By this point, I had already accepted the fact that I would have to go through the surgery again. Hearing that I needed to add three more months to let the bone heal was the hardest pill to swallow. If you have had an injury with a recovery time as long as what is required with an ACL reconstruction, then you know how frustrating an additional three months can be. It was gut-wrenching to hear this news, but I knew I could do it because I was mentally stronger having already been through the first recovery.
Mental Challenges and Small Victories
The second recovery brought so many more mental challenges in some ways, but mental relief in others. This time, I knew exactly what to expect and to do during the recovery process. I had built a foundation for myself, and now all I had to do was focus on my mental health.

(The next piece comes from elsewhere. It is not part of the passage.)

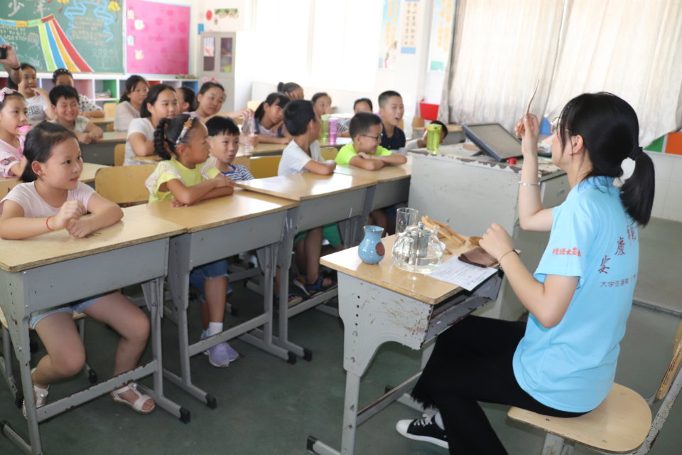 “寒夜客来茶当酒,竹炉汤沸火初红...”中国的茶艺术,起源久远,历史悠久,文化底蕴丰富。为传承中国经典茶艺文化,7月22日下午,安庆师范大学资源环境学院与教师教育学院联合组织的“心手相牵,阳光童行”志愿者在安庆市大观区十里中心学校开展了茶艺文化活动。

Leaning on my friends and family proved to be what helped me get through the many challenging times during this recovery. It was also helpful to focus on all the small victories along the way.
Regaining Confidence and Helping Others
I have always been an independent person, and throughout my knee injuries, I have navigated my headspace myself while heavily leaning on my family through the toughest times. Through this process, I realized that the one aspect of my game that I am missing since my injuries is confidence.
This lack of confidence does not come from the fear of tearing another ACL, which may be a surprise to people who know or hear about my story. Rather for me, it’s tied to holding onto my past identity as a soccer player, expectations, and the concept of potential that tend to weigh me down.
These are complicated feelings, and I sought help from a sports psychologist. This has been really valuable, and I believe it will lead me to a confidence-boosting edge that was missing after my first ACL recovery.
My Message to Those Facing a Similar Challenge
If you're reading this and going through something similar, I hope that sharing my story will inspire you to know that you can get through this, and what I've learned through my journey can help guide you through yours. What I discovered is that staying positive by focusing only on what I can control: my rehab, my mindset, my daily effort, and celebrating every small win makes all the difference.
I also learned to not be afraid to lean on my teammates, coaches, family and friends when I need it most; asking for help is a sign of strength, not weakness. I made my mental health a priority throughout the process because healing my mind is just as crucial as healing my body. Most importantly, reminding myself of every challenge I've already conquered in my life. I emerged from my injury not just healed, but stronger, wiser, and ready for anything. You can do the same and you have the power to come out of this not just recovered, but as the strongest version of yourself you've ever been.